The Isabella Stewart Gardner Museum’s music season gets underway with back-to-back concerts of mostly site-specific repertoire this weekend. The highlight may come in a commissioned work responding to Whistler’s “Nocturne, Blue and Silver: Battersea Reach,” which hangs in the Museum’s Yellow Room. Jessica Meyer wrote Grasping for Light during her week-long residency at the Museum last March.
Other items in A Far Cry’s “Portraits,” featuring music inspired by renowned works of art, include Mussorgsky’s Pictures at an Exhibition, and Respighi’s Botticelli Triptych, nods to the Museum’s upcoming Botticelli exhibition, which opens Feb. 2019. William Grant Still took inspiration for “Mother and Child,” part of his Suite for Violin and Piano, from Sargent Johnson’s lithograph, “Mother and Child.”
In celebration of the Boston native’s centennial, violinist Tai Murray will join A Far Cry, in Bernstein’s “Agathon” from Serenade after Plato’s Symposium
“Portraits” runs on Saturday at 3 p.m. and Sunday at 1:30 p.m in the Museum’s Calderwood Hall. Tickets ($15 – $36) include museum admission, and may be purchased HERE or at the door.
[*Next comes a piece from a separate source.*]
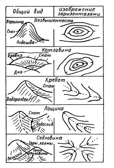 В каждом виде рельефа выделяют пять основных форм: возвышенность, котловину, хребет, лощину и седловину (рис. 23).
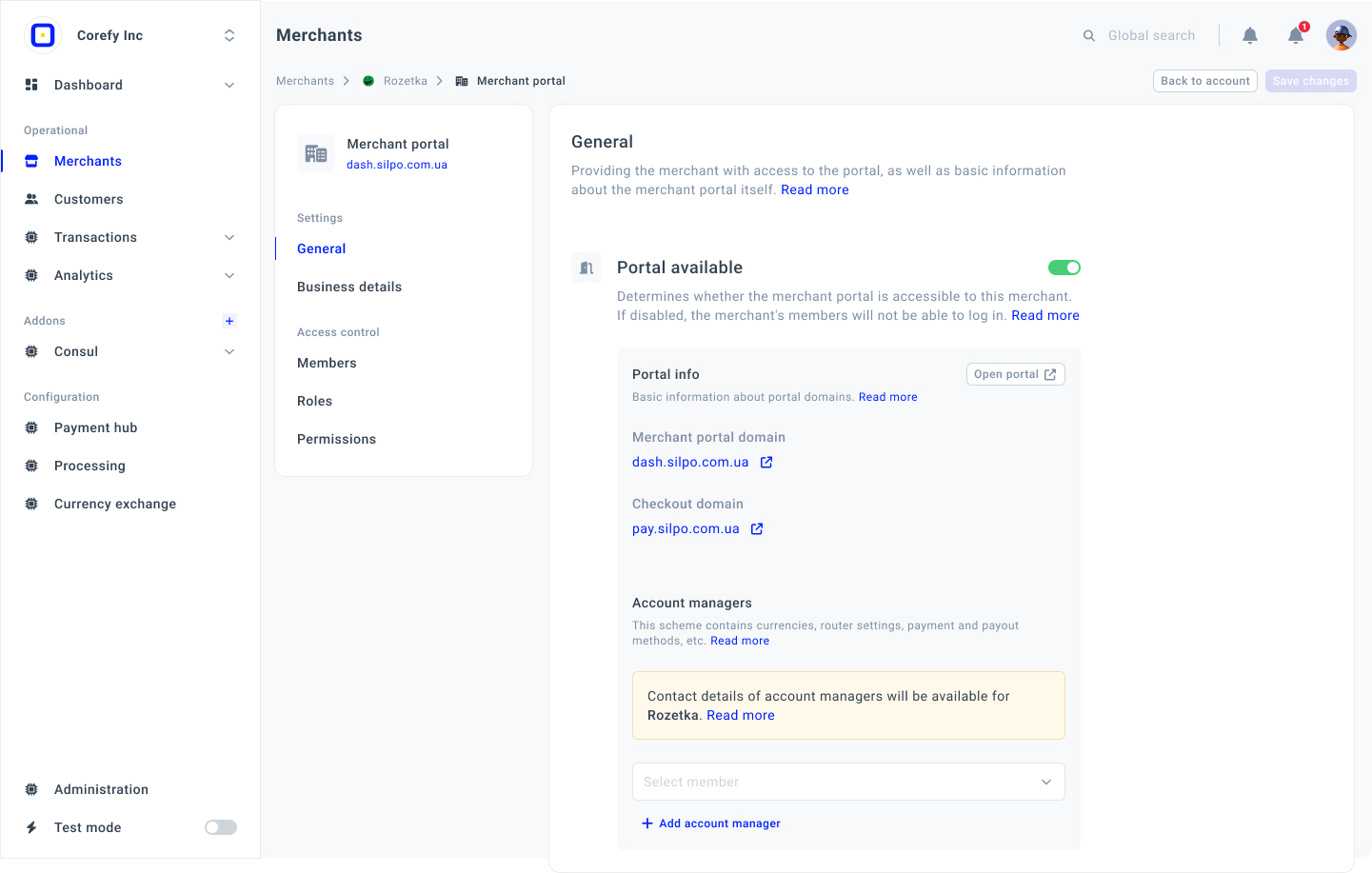 - To enable access for a given Merchant to the Merchant portal, switch on the Portal available toggle.

“Grasping for Light serves as a metaphor for how Mrs. Gardner was able to move beyond the stagnant mist of her mental state toward the light of who she was supposed to be,” says Meyer. After the death of her only child, she fell into a debilitating depression, for which her doctor prescribed travel and new experiences. Her emergence from the tragedy and subsequent world travels rekindled her passion for art and her mission to collect it.
Entering its ninth season in a 10-year residency, A Far Cry has been the Gardner’s resident chamber orchestra since 2010. The Grammy-nominated group is known for its conductorless play, musical variety, and commitment to new music.
Violinist Tai Murray, based between New York and Berlin, has performed alongside the Chicago Symphony, Atlanta Symphony, BBC Symphony Orchestra, Manchester BBC Philharmonic Orchestra, BBC Scottish Symphony Orchestra, BBC National Orchestra of Wales, and Royal Liverpool Philharmonic, among others.